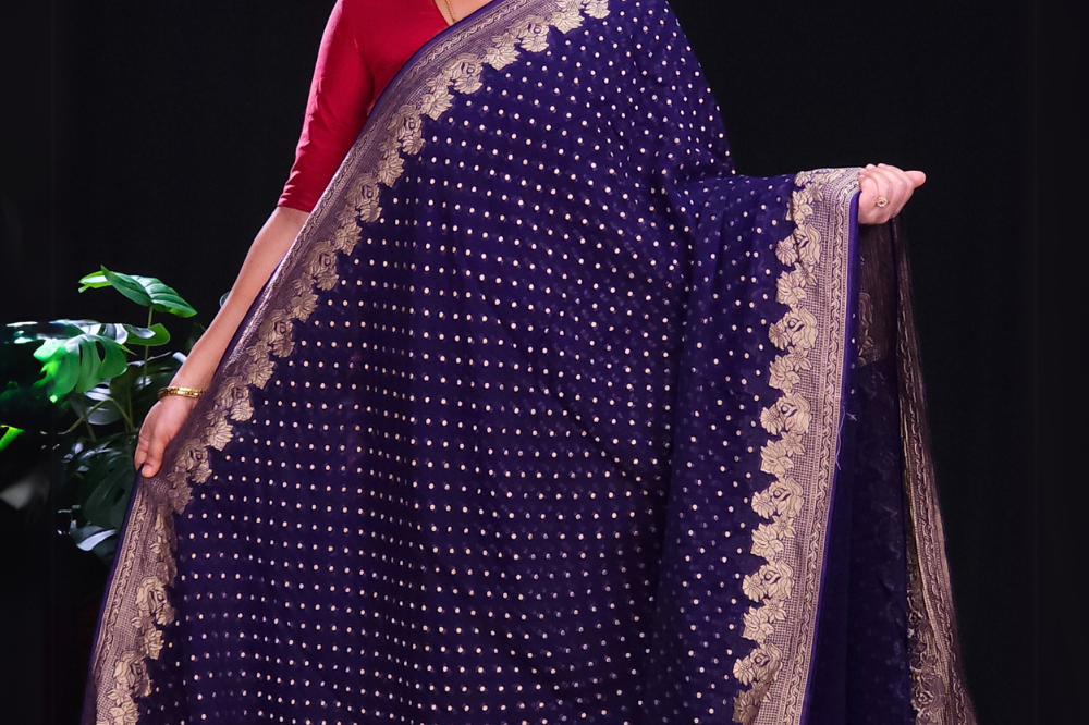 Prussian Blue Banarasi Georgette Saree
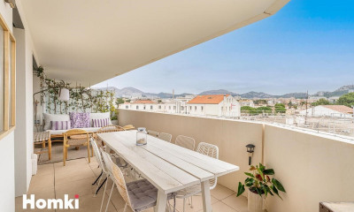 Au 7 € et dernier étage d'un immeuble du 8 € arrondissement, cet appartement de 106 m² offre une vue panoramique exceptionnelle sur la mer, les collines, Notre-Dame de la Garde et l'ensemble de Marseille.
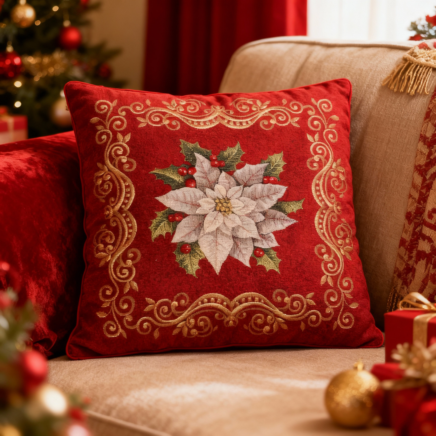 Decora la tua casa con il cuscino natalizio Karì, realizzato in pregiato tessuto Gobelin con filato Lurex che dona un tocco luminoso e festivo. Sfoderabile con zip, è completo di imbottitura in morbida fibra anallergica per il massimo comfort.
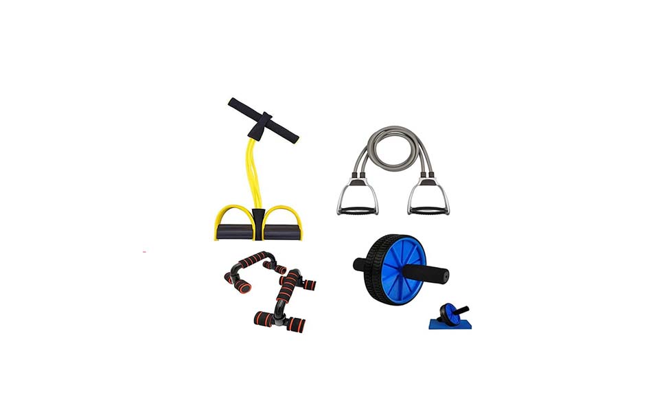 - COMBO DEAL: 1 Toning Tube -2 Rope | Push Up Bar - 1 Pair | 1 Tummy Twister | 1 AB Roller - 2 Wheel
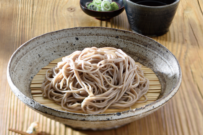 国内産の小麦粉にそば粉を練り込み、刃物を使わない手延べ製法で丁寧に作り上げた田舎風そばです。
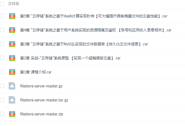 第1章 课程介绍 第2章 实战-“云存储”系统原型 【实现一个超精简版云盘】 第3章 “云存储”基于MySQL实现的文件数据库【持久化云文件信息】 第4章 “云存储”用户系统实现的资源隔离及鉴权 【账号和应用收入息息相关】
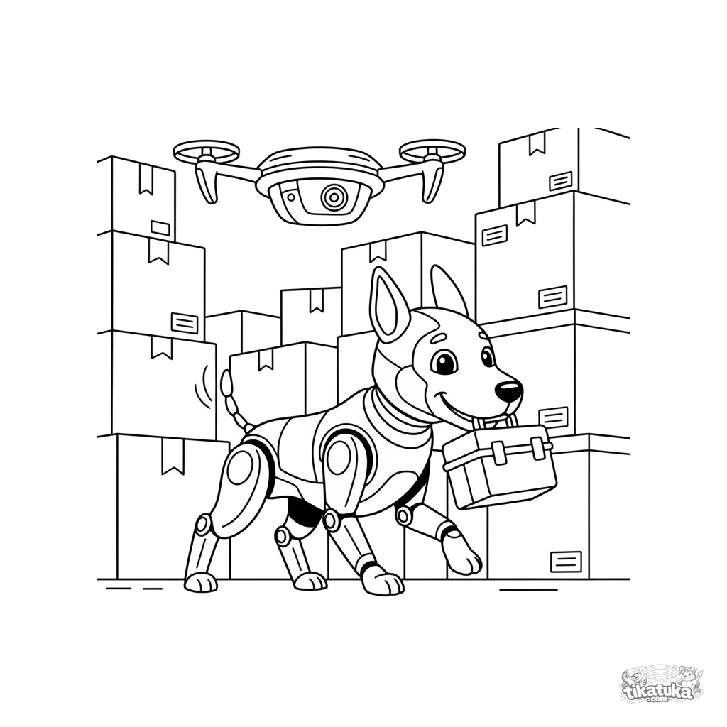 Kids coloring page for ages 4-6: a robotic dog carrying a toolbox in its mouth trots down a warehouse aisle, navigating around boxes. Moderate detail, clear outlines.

▶ _WORK TO COMPLETE_
Pictures are to be left out while the lines from the beginning of the records through the line with "Au 7 € et dernier" are copied word for word.

▶ _EXERCISE SOLUTION_
 Prussian Blue Banarasi Georgette Saree
 Au 7 € et dernier étage d'un immeuble du 8 € arrondissement, cet appartement de 106 m² offre une vue panoramique exceptionnelle sur la mer, les collines, Notre-Dame de la Garde et l'ensemble de Marseille.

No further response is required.